NASA astronaut Kate Robins will vote from space
NASA has confirmed that NASA astronaut and aerospace engineer Kate Robins is planning to vote from the International Space Station, where she will be stationed during the voting period.
Robins and two Russian astronauts will Spend six months in space as part of the Expedition 63/64 crew. When launched in October, Robins will research “the use of laser-cooled atoms for future quantum sensors” and conduct cardiovascular experiments from the space station.

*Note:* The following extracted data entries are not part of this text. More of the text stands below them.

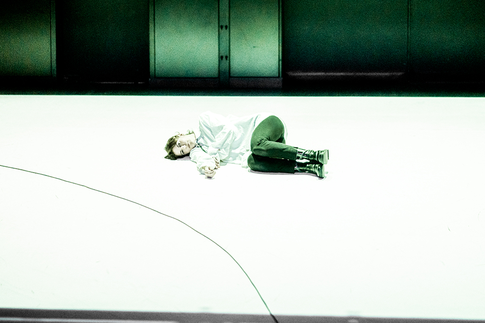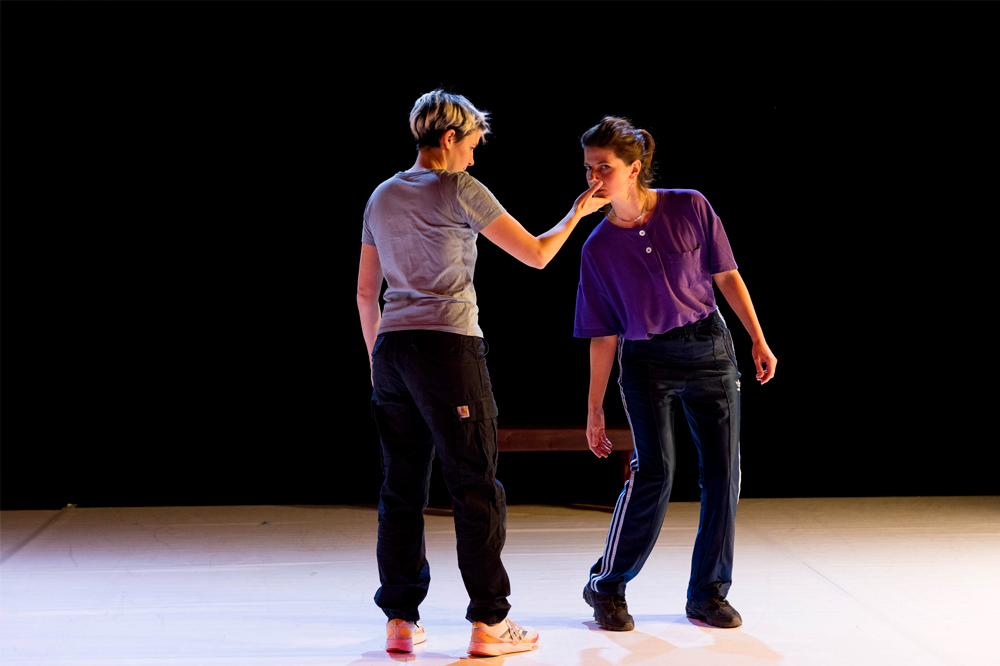 Au plateau, textes et chorégraphies suggèrent plusieurs temporalités. Sur une création sonore composée en direct par Thibault Lamy, l’artiste déploie une partition faite de boucles, de répétitions, de motifs d’entraînement. Son corps en mouvement « apprend », dit « oui ». Mais quelles seront les limites de ce jeu ?
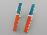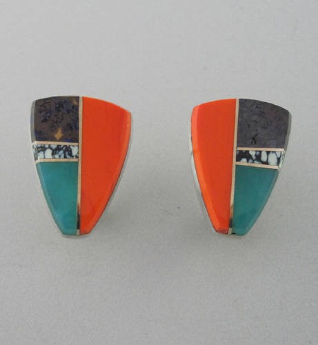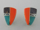 Earrings inliad with turquois, orange chalcedony, rosarita, and 14kt gold.
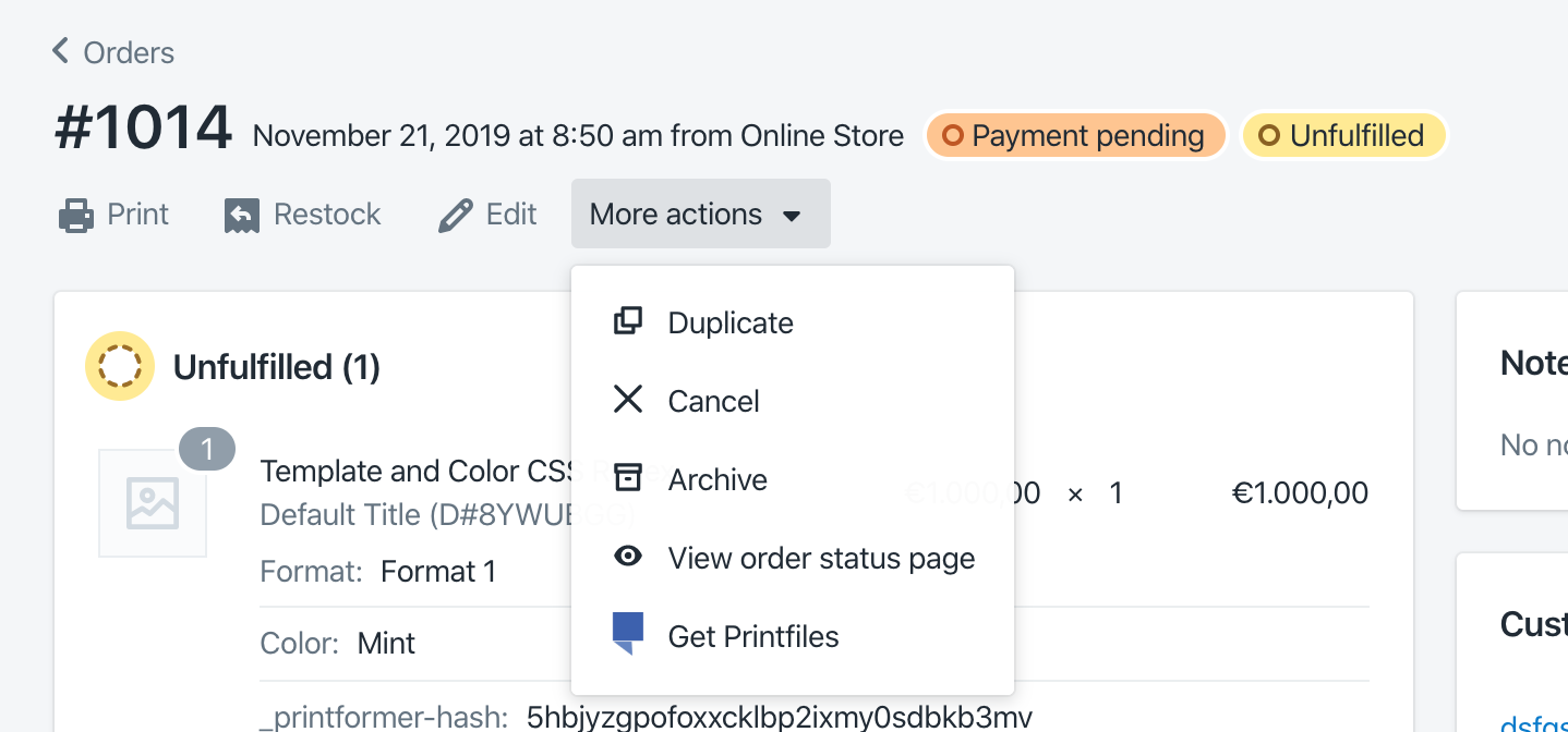 List orders from shopify in printformer App to download prntfiles after order have been placed
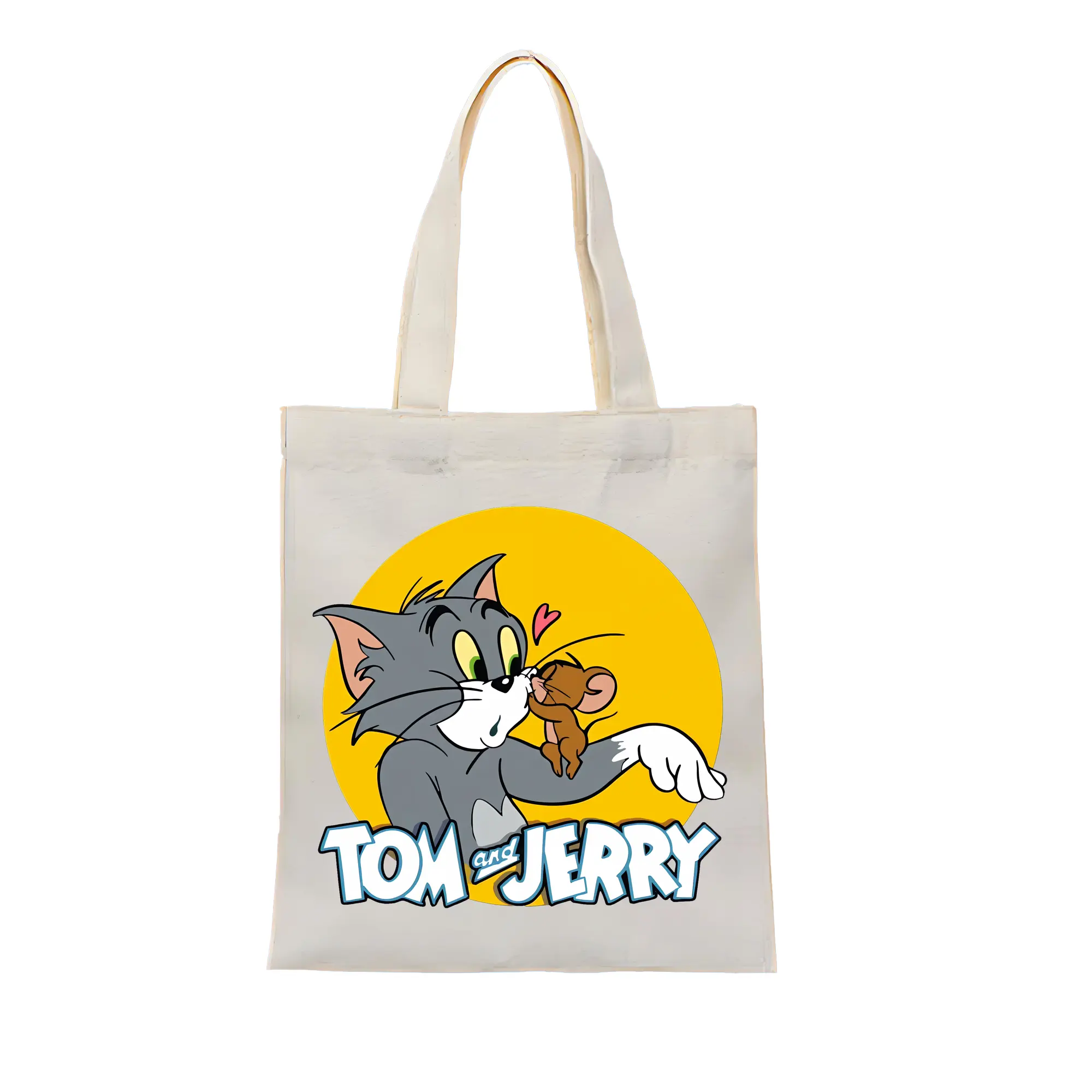 トムとジェリー グッズ トム - 縦型キャンバス手提げバッグ(トートバッグ) ・ キャンバス素材 ・ ショッピング用 ・ 軽量 丈夫 お手入れ簡単

But she will make time to vote, too. NASA said it cast its vote from space in 2016, when it was looking again at the space station. (During the 2016 spaceflight, I became a The first person to do a DNA sequence in space.)
How to Vote from Space
Astronauts registered to vote in Texas gained the right to vote from space in 1997, when Texas lawmakers decided that they could electronically cast their ballots outside of Earth if they were on a space flight during the early voting period or Election Day, according to Smithsonian National Air and Space Museum. NASA’s Johnson Space Center is located in Houston, so most of the astronauts are in the city and registered to vote in Harris County, where Houston is located.
The process of voting in space It works like thisNASA told CNN: The Harris County Clerks office is uploading a secure electronic ballot to the NASA Johnson Space Center Mission Control. NASA astronauts, using specific credentials, access their ballot papers and cast their votes, which are delivered back to the county clerk’s office via email.